### What is needed
Give back every line of the data exactly. Pictures are not part of the copy.

### Collected data
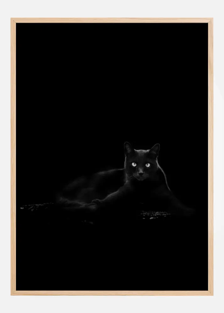 Un poster care arată o pisică neagră pe un fundal negru. Acest imprimeu misterios necesită să te uiți o dată în plus deoarece pisica neagră este aproape invizibilă pe fundal. Doar ochii și o blană ușor iluminată subtil fac ca pisica să fie vizibilă în imagine. Această imagine creează o impresie uimitoare într-un hol întunecat.
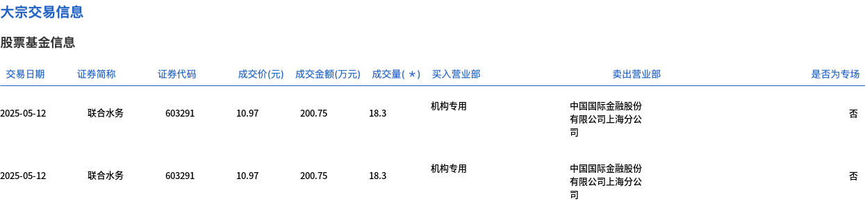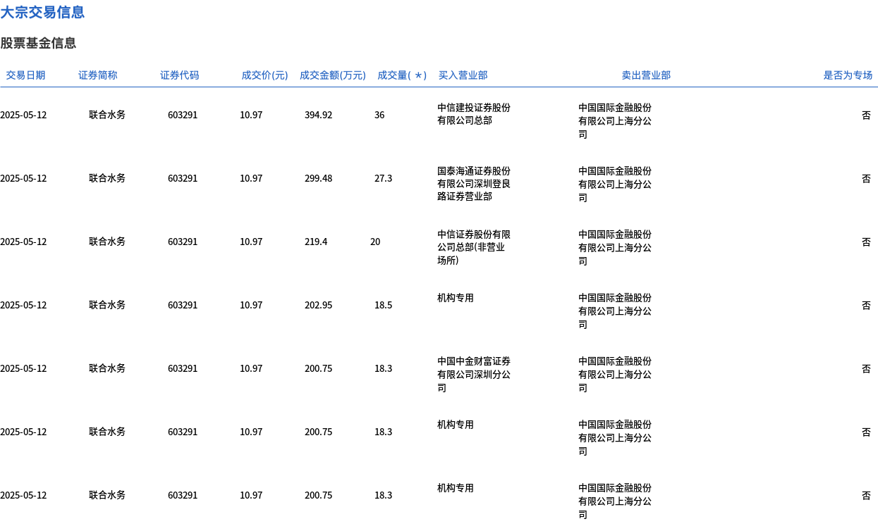5月12日,联合水务大宗交易成交193.3万股,成交额2120.5万元,占当日总成交额的10.35%,成交价10.97元,较市场收盘价12.71元折价13.69%。
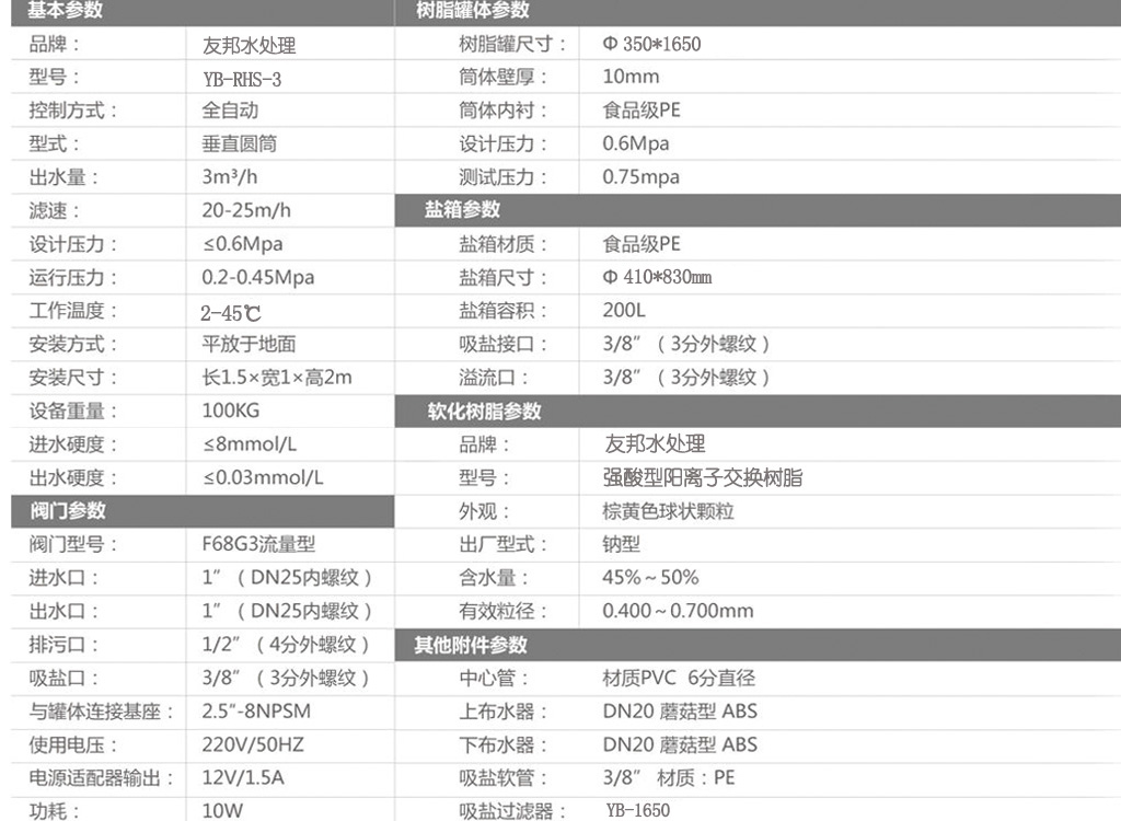 型號(hào):YB-RHS-3,如需24小時(shí)連續(xù)出水選擇單罐單閥運(yùn)行,默認(rèn)樹(shù)脂罐體材質(zhì)為玻璃鋼,如需特殊罐體請(qǐng)說(shuō)明

### Answer box
 Un poster care arată o pisică neagră pe un fundal negru. Acest imprimeu misterios necesită să te uiți o dată în plus deoarece pisica neagră este aproape invizibilă pe fundal. Doar ochii și o blană ușor iluminată subtil fac ca pisica să fie vizibilă în imagine. Această imagine creează o impresie uimitoare într-un hol întunecat.
5月12日,联合水务大宗交易成交193.3万股,成交额2120.5万元,占当日总成交额的10.35%,成交价10.97元,较市场收盘价12.71元折价13.69%。
 型號(hào):YB-RHS-3,如需24小時(shí)連續(xù)出水選擇單罐單閥運(yùn)行,默認(rèn)樹(shù)脂罐體材質(zhì)為玻璃鋼,如需特殊罐體請(qǐng)說(shuō)明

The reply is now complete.